杉野兵曹長の銅像

 おれは古い落語の録音をよく聞く。戦後の志ん生文楽あたりからで、幸い戦後は落語がラジオの重要なプログラムだったから録音がいろいろと残っており、CDがたくさん出ている。
 戦後しばらくの落語で、女が横倒れにくずおれる姿を、まれに「杉野兵曹長銅像みてェな格好で」と表現して笑いを取ることがある。ただ、このたとえは当時でもわかりにくかったのか、「杉野兵曹長銅像みてェな格好で・・・若い方にはおわかりにならないかもしれませんが」などと言い訳したりもする。
 この「杉野兵曹長銅像」というのが今日の話である。古い落語を聴いて検索した方の便利のために書く。
 まず、「女が横倒れにくずおれる姿」だが、人によってはそもそもこれがわかりにくいかもしれない。早い話が、金色夜叉で貫一に蹴飛ばされたお宮の格好である。全然早い話じゃないか。歌舞伎や時代劇などで、女性が無体にされて「あ〜れェ〜」と倒れる、あの格好だ。

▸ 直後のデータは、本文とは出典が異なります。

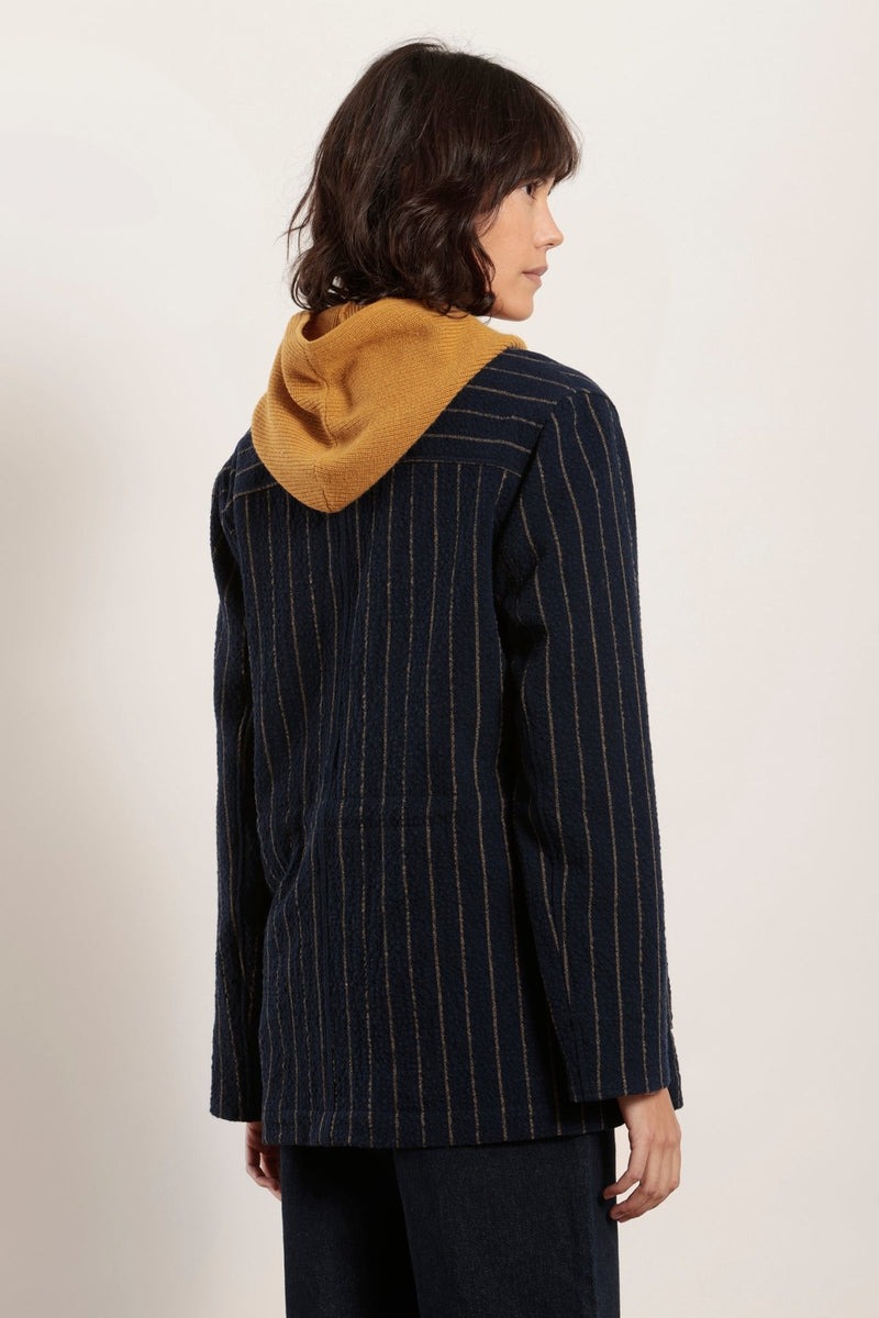 Полосатый пиджак из тонкополосной шерстяной ткани. Длинный, прямой крой. Длинные рукова. Застежка на пуговицы с роговым эффектом. 2 больших передних накладных кармана. Талия затянута шнурком в морском стиле. Тканевая подкладка. Внутренняя отделка спинки из контрастной ткани с узором в мелкую клетку.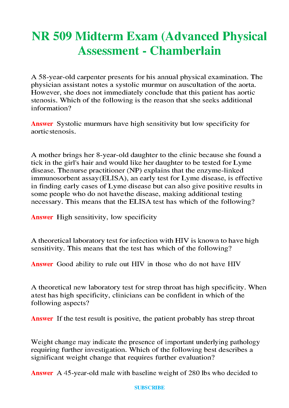 NR 509 Midterm Exam (Advanced Physical Assessment - Chamberlain) - 2024/2025 Edition: Ace Your Exam on the First Attempt!

 次に、「杉野兵曹長」。これはちょっと長くなる。杉野兵曹長は、戦前に「軍神」とされた広瀬中佐の部下。二人は日露戦争の旅順港閉塞作戦に参加した。旅順港の湾口に船を沈めて、ロシア海軍を港内に封鎖しようとした作戦だ。広瀬中佐と杉野兵曹(当時)の乗る船は湾口まで近づいたところで敵の魚雷を受け、指揮官の広瀬はそのまま船を自爆して沈めることにした。杉野が爆薬に点火しに船底へ下りたが戻ってこず、先に脱出艇に乗った広瀬が自ら探しに行った。しかし、杉野は見つからず、広瀬は、脱出艇に再び乗り込もうとした瞬間、砲弾を食らい、戦死した。かくして広瀬中佐は「軍神」とされ、杉野兵曹は兵曹長に特進した。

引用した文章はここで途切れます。